(Task statement)
Only the lines from the one containing "Woman with grey" to the end of the data below belong in the answer, each repeated exactly; no pictures.

(Data provided)
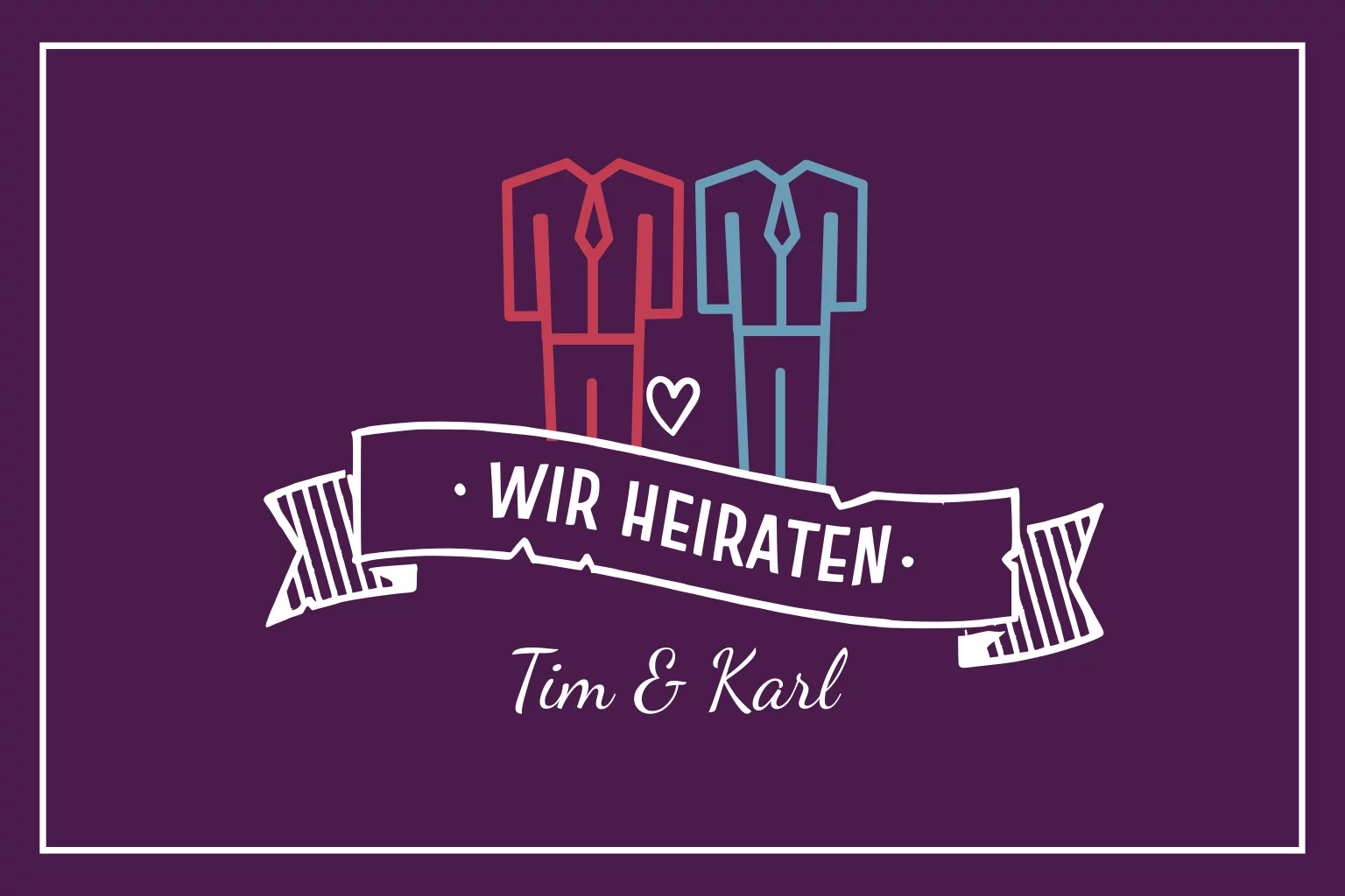 Diese moderne Einladung zur Hochzeit als Klappkarte in lila mit weißem Rahmen und Banner eignet sich perfekt für eine gleichgeschlechtliche Eheschließung. Schließlich bilden die 2 Anzug Icons das Highlight der Karte.
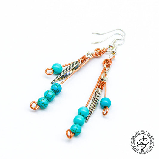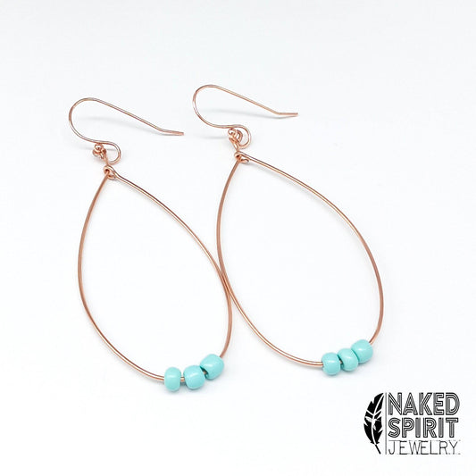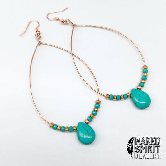 Turquoise Teardrop Beaded Copper Hoop Earrings
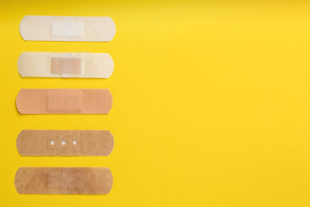 Different types of sticking plasters on yellow background, flat lay. Space for text
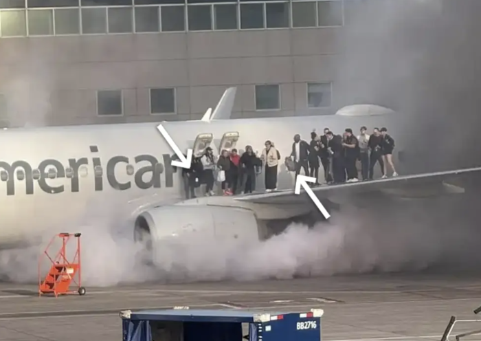 According to Business Insider, an American Airlines jet recently caught fire shortly after landing at the Denver airport. Everyone seemed to have evacuated just fine, with 12 of the 172 passengers on board getting sent to the hospital with minor injuries. A photo caught the evacuated passengers standing on the wing of the plane, with their bags in their hands.
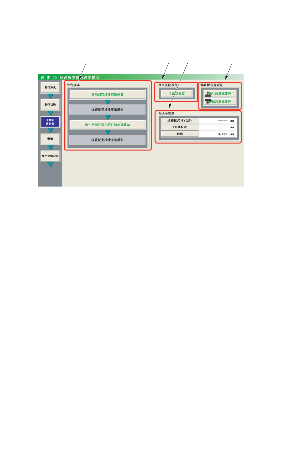 3-8 5 . “ 线 路 板支 撑 针 设 定模 式 ” 界 面 在 “ 设定 ” 子菜单栏中,按 [ 支撑针 传送带 ] 按钮,便显示 “ 线路板 支撑针设定模式 ” 界面。 Fig.2C6 “ 线路板支撑针设定模式 ” 界面 0708-001 5. “ 线路板支撑针设定模式 ” 界面 [1] [3] [4] [2]
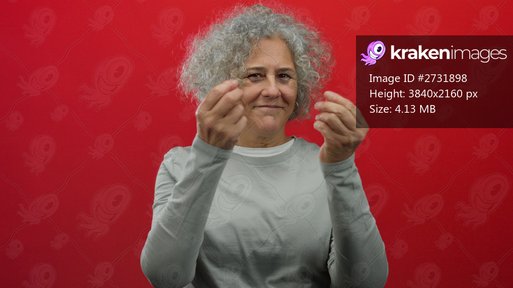 Woman with grey hair gesturing on a vivid red background, expressive and confident, capturing elegance and maturity in a simple pose, isolated from distractions. - Kraken Images
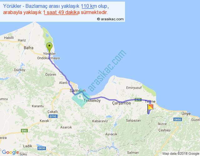 Yörükler - Bazlamaç arası yaklaşık olarak 90 km/h ile yukarıda belirtilen sürede olup, iki yerin kuş uçuşu uzaklığı (mesafesi) 84'dir. Yolculuk otobüsle 2 saat 21 dakika sürmektedir.

(Response)
 Woman with grey hair gesturing on a vivid red background, expressive and confident, capturing elegance and maturity in a simple pose, isolated from distractions. - Kraken Images
 Yörükler - Bazlamaç arası yaklaşık olarak 90 km/h ile yukarıda belirtilen sürede olup, iki yerin kuş uçuşu uzaklığı (mesafesi) 84'dir. Yolculuk otobüsle 2 saat 21 dakika sürmektedir.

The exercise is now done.